I refer to a sample scenario, but the concepts here described are generic. Before delving into the sample scenario, I repeat here below two basic concepts regarding the declarative workflows.

Two basic (preliminary) concepts…

1. In SharePoint, the workflow engine allows only one single workflow instance of a certain workflow type (also known as workflow model or workflow definition) to be running on a specific list item.

2. Every time a (declarative) workflow type is “modified and published” using the Workflow Designer tool in SPD 2007/2010, a new “version” of the workflow type is attached to the specific list; the previous versions of the same workflow type are maintained because there could be running workflow instances referring to that specific versions; obviously, it is not possible to start new instances of older versions.

The sample scenario

I consider the simple scenario of an “issue management” workflow, where two individuals contributors, in sequence, must do an action on an open issue: a first individual is asked to propose a “technical solution”; a second individual is asked to define the “communication actions” to be taken.

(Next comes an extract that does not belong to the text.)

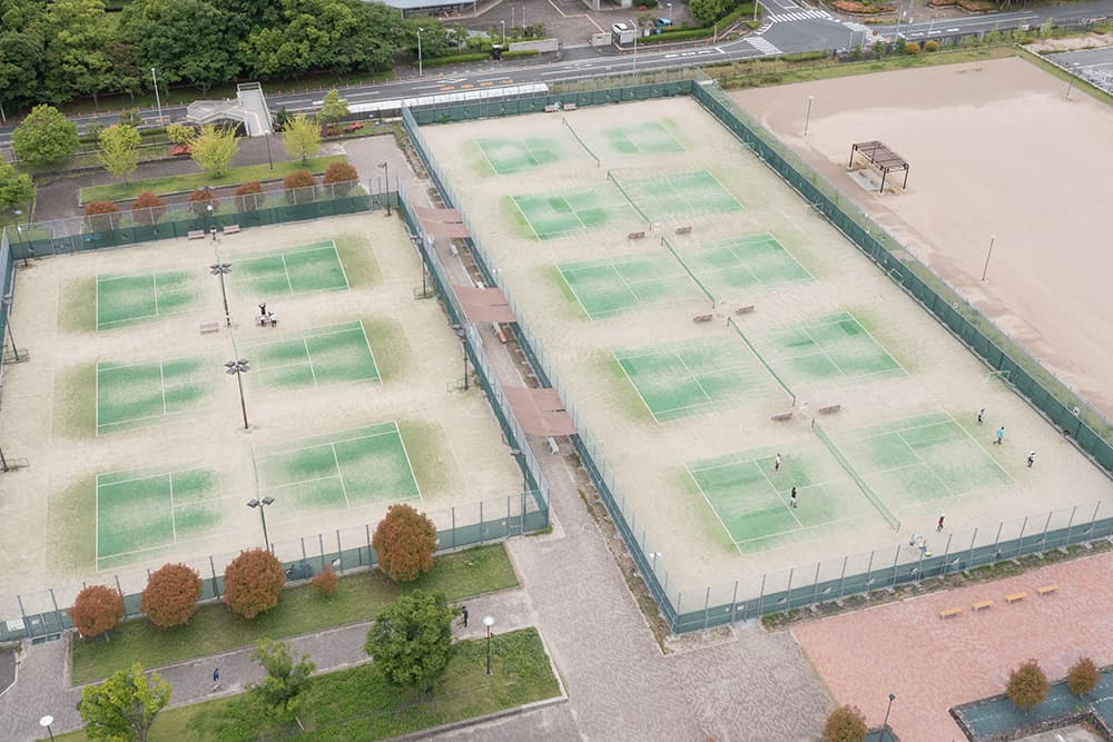 コートは、オムニコート(砂入り人工芝コート)で全部で8面。うち3面はナイター設備もあります。最新の状況は公園管理センターにおたずね下さい。
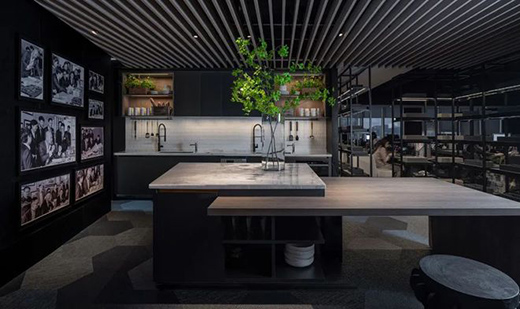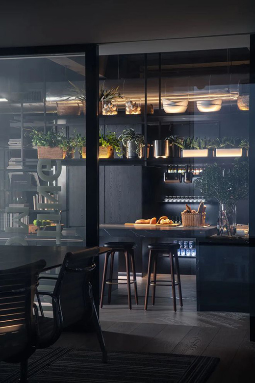 咖啡吧另一側的開放式廚房,將東方飲食禮儀納入其中,廚房中島可供吧臺小酌或冷餐用餐的情境設定,滿足不同的需求,展現空間的多元性。

This workflow can be described with a simple sequential flowchart, as shown below (with the actors and the status).

Click to enlarge

We can implement this scenario with two lists:

· An “Issues” list, created using the standard “Issues Tracking” list definition.

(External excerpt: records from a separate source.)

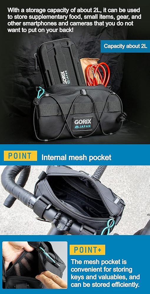 [يمنع دخول الماء. ] [سعة 2 لتر] مع سعة تخزين تبلغ حوالي 2 لتر، من الممكن تخزين الأشياء الصغيرة والهواتف الذكية والمفاتيح والكاميرات وما إلى ذلك. بالطبع، يمكن تخزين أساسيات الدورة مثل الأنابيب بشكل آمن. أيضًا كحقيبة فرعية بخلاف أكياس السرج.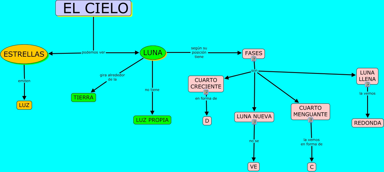 Este Cmap, tiene información relacionada con: EL CIELO, LUNA gira alrededor de la TIERRA, CUARTO MENGUANTE la vemos en forma de C, FASES son CUARTO MENGUANTE, FASES son LUNA LLENA, LUNA no tiene LUZ PROPIA, LUNA según su posición tiene FASES, EL CIELO podemos ver ESTRELLAS, FASES son LUNA NUEVA, ESTRELLAS emiten LUZ, LUNA NUEVA no se VE, EL CIELO podemos ver LUNA, FASES son CUARTO CRECIENTE, LUNA LLENA la vemos REDONDA, CUARTO CRECIENTE en forma de D
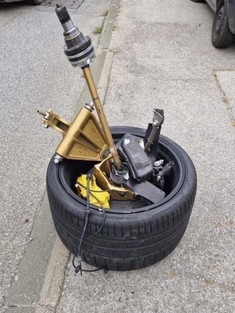 Спортната кола е със сериозно повредена задница - изкъртено колело, липсват светлини и част от калника. Вижда се още, че се е ударила в предния калник. Ремонтът на аеродинамичните повърхности от въглеродни влакна ще бъде много скъп.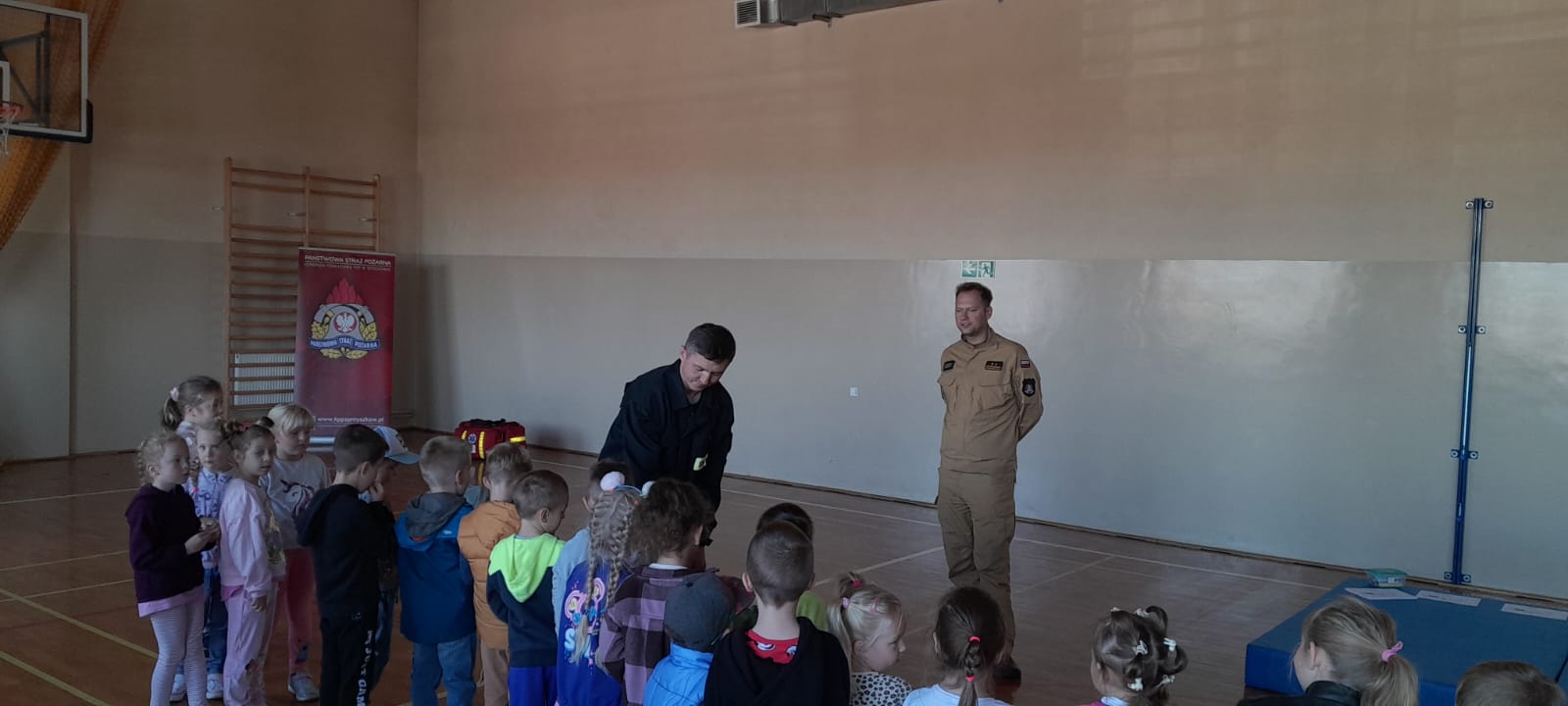2. W sali gimnastycznej pod nadzorem funkcjonariuszy dzieci miały możliwość przećwiczyć elementy kwalifikowanej pierwszej pomocy oraz uczestniczyć w zabawach zręcznościowych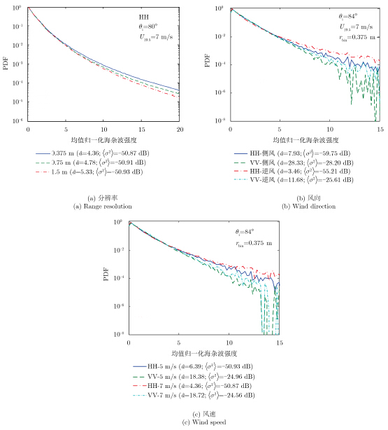 图 7(a)-图 7(c)以CWM海面为例,分别比较了雷达分辨率、风向和风速对海杂波强度统计特性的影响。图 7(a)中雷达入射角为80º,海面风速7 m/s,风向为逆风,极化方式为HH;图 7(b)中雷达入射角为84º,风速7 m/s,分辨率0.375 m;图 7(c)中雷达入射角为84º,风向为逆风,分辨率0.375 m。由图 7可见,随着雷达分辨率的提高、风向由侧风转向逆风、风速的增加,海杂波强度PDF的长拖尾现象更加明显,基于Pareto模型估计所得的海杂波强度PDF的形状参数也随之减小。这与Toporkov等人[6]对1维海面宽带散射特性进行仿真和对实测数据进行分析得到的结论[21]一致。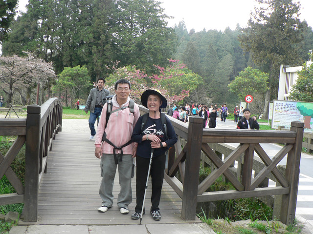 值櫻花盛開.今天南青登山隊出了兩輛遊覽車[當然尚有人向隅]在8:30直達阿里山森林遊樂區.下了車子大約有一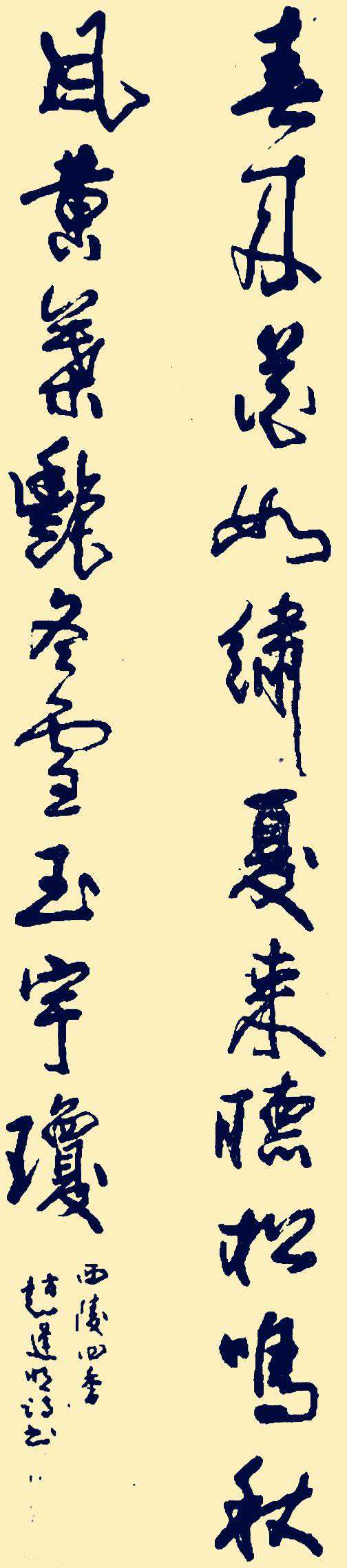 赵逢明的童年在抗日战争中度过,5位亲人惨死于日寇的屠刀,少年时代又不幸丧母,坚强不屈、桀骜不驯的性格自幼遂生。生活的辛酸磨难没有使他颓唐落拓,反而如烈火炼金,愈加刚毅真纯了。至此,那盘曲流转的线条越发苍劲雄浑而清健老辣。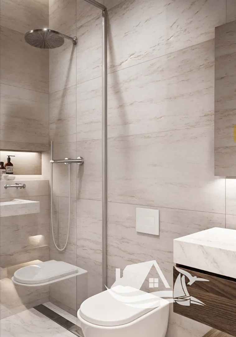 Byt disponuje třemi prostornými ložnicemi, dvěma koupelnami, světlým obývacím pokojem s kuchyňským koutem a přímým vstupem na krytou verandu o rozloze 20,8 m², která rozšiřuje obytný prostor a poskytuje ideální místo pro relaxaci, stolování či večerní posezení s výhledem na moře. Celková obytná plocha činí 100,75 m², což zajišťuje dostatek prostoru pro komfortní bydlení.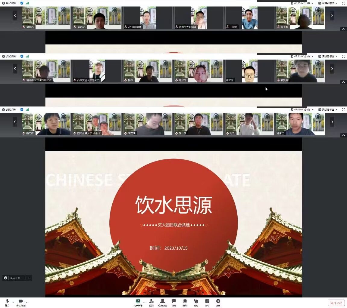 2023年10月15日上午,车辆2022-05班团支部同西安交通大学建筑2301班团支部,上海交通大学软工2201班团支部和北京交通大学茅以升2201班团支部在线上会议举行了“饮水思源”交大团日联合共建活动,来自四所交通大学共70余名同学参与会议。在2023年10月25日下午,车辆2022-05本团支部在公司犀浦校区“饮水思源”池旁举行“饮水思源”精神建设活动,车辆2022-05班团支部共27名同学全部参与活动。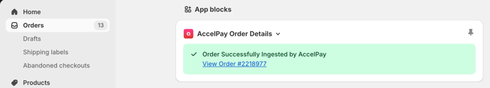 - Once set up, every order will have a App block, indicating whether or not the order imported successfully.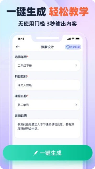 选择学段与学科,输入教学主题,一键生成完整教案、公开课逐字稿。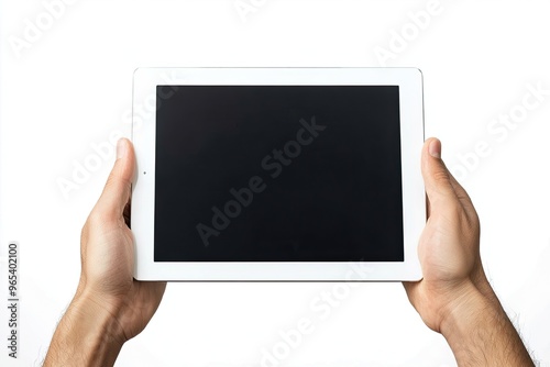Close-up of male hands holding tablet pc with blank screen isolated on white background

· A “Tasks” list, automatically created by SPD (at the moment of the first workflow publishing) using the standard “Tasks” list definition

On the “Issues” list we need to customize the “Issue Status” field with the four values described in the previous figure and here summarized:

· Active

· In Charge by Tech. Team

· In Charge by Comm. team

· Closed

It is also useful to hide the “Issue Status” field in the new/edit forms of the “Issue” content type associated to the list; in fact, we want to manage the value of this column automatically, using a workflow. A final customization on this list consists in renaming the “Assigned To” field in “Assigned To – Tech. Team” and adding a new identical field named “Assigned To – Comm. Team”.

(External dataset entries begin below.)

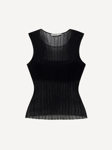 The Oakley Tank in Black. Step into sleek sophistication with this elegantly designed piece featuring an integrated bralette. Its figure-hugging silhouette and classic round neckline define a modern silhouette.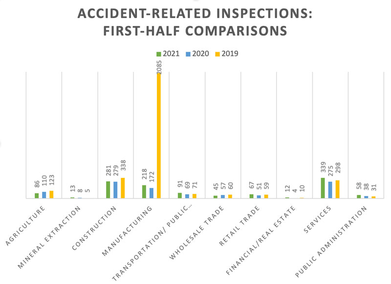 Published April 7, 2022 at 800 × 581 in Cal/OSHA Inspection Stats Accident-Related Inspections: First-Half Comparisons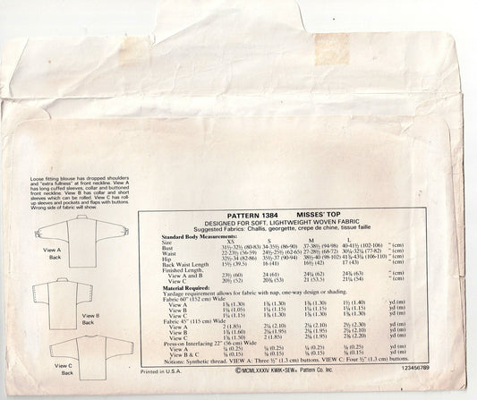 Kwik Sew 1384 Womens Pullover Top with Draped Neck & Pockets 1980s Vintage Sewing Pattern Size XS - L UNCUT Factory Folded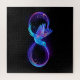 Glowing, purple infinity symbol with flying, luminous, blue hummingbird on black background. Neon.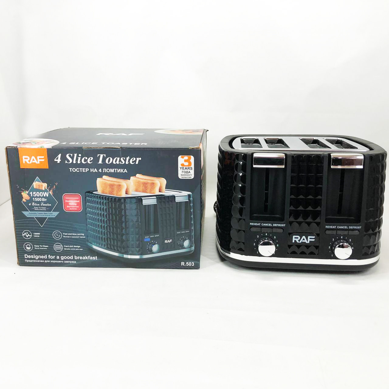 ✨ Тостер RAF R.503 – це універсальний помічник для швидкого та зручного приготування ідеальних тостів. Завдяки потужності 1500 Вт і можливості готувати 4 тости одночасно, цей прилад стане незамінним рішенням для сімейного сніданку або частування гостей.
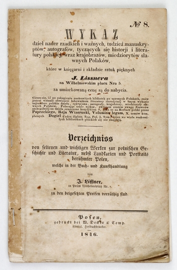 WYKAZ dzieł nader rzadkich i ważnych, tudzież manuskryptów, autografów, tyczących się historji i literatury polskiej, wraz krajobrazów, miedziorytów sławnych Polaków, które w księgarni i składzie sztuk pięknych J[ózefa] Lissnera [...] za umiarkowaną cenę są do nabycia. Poznań 1846. J. Lissner. 16d, s. 75, [1]. brosz.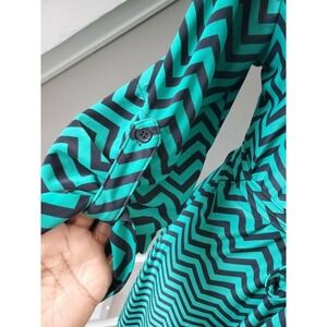 Tacera Women's Aqua/Black Polyester Long Sleeve V-Neck Knee Length Dress Size PM.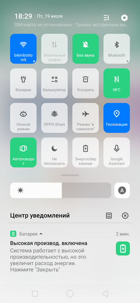 Поддерживается быстрая зарядка (VOOC 3.0): на практике от комплектного сетевого адаптера смартфон полностью заряжается в течение полутора часов током 3,5 А при напряжении 4,5 В (≈16 Вт).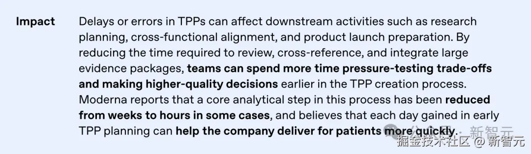 Moderna 利用 AI 处理庞大的证据包(有时长达 「300 页」的数据),将目标产品概况(TPP)的起草和分析流程从数周压缩至「数小时」。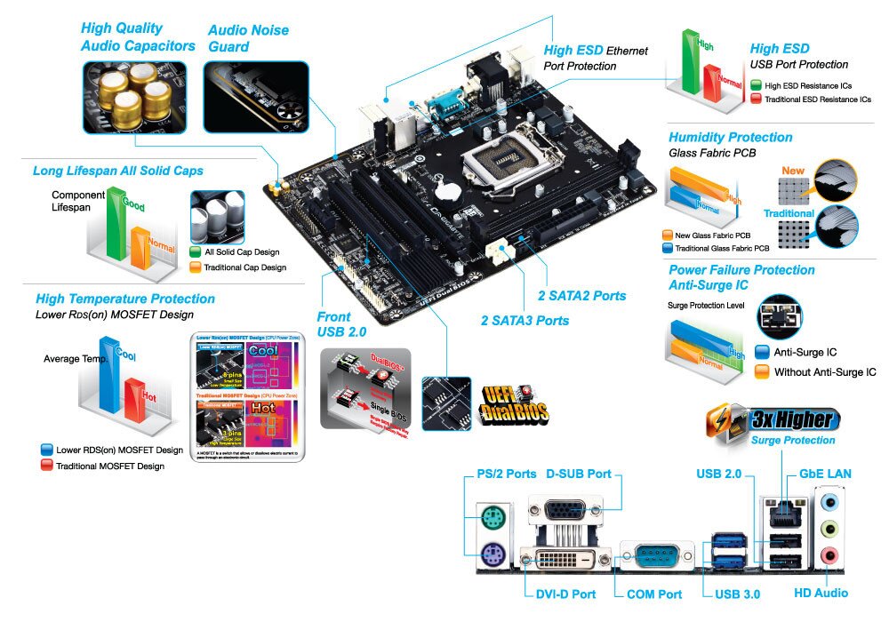 GIGABYTE 8 Series motherboards raise the bar in terms of protecting your system, providing advanced electrostatic discharge (ESD) protection for both your Ethernet LAN and USB ports, both common sources of ESD-related failures. Each LAN and USB port can withstand high electrostatic discharges, protecting your system from common electrical surges and even direct lighting strikes.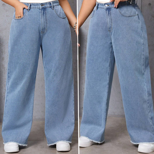 ( REF 08 ) سروال جينز واسع بخط في الوسط

The base implementation of the workflow can be realized with a single step, as shown below:

Base workflow implementation

It is possible to notice that the workflow consists in a simple sequence of the following activities:

· “Set Field in Current Item” activity (used to set the “Issue Status” field)

· “Collect Data from User” activity (used to collect the technical and communication contribution)

Let us suppose that we need to automatically activate the workflow, not only when an issue is created but also when an issue is modified:

Workflow startup options

After creating a new item…

New item creation

…the workflow starts and works as expected, as shown in the following picture:

Click to enlarge

The problem of the duplicated instances…

Now, let us suppose that, after the first publishing of this simple workflow model, the following sequence of events happens, in the order shown here below:

· there are already active workflow instances, waiting for the completion of the “first type” of task (some “technical contributors” have been already contacted by the workflow but they have not yet completed their tasks);

· a web designer opens the workflow in SharePoint Designer and presses the “Finish” button on the Workflow Designer tool (accidentally or in order to save an even minimal modification, like the change of a string message);

· one of the assignees of a “first type” of task (a “technical contributor”) completes its assigned task.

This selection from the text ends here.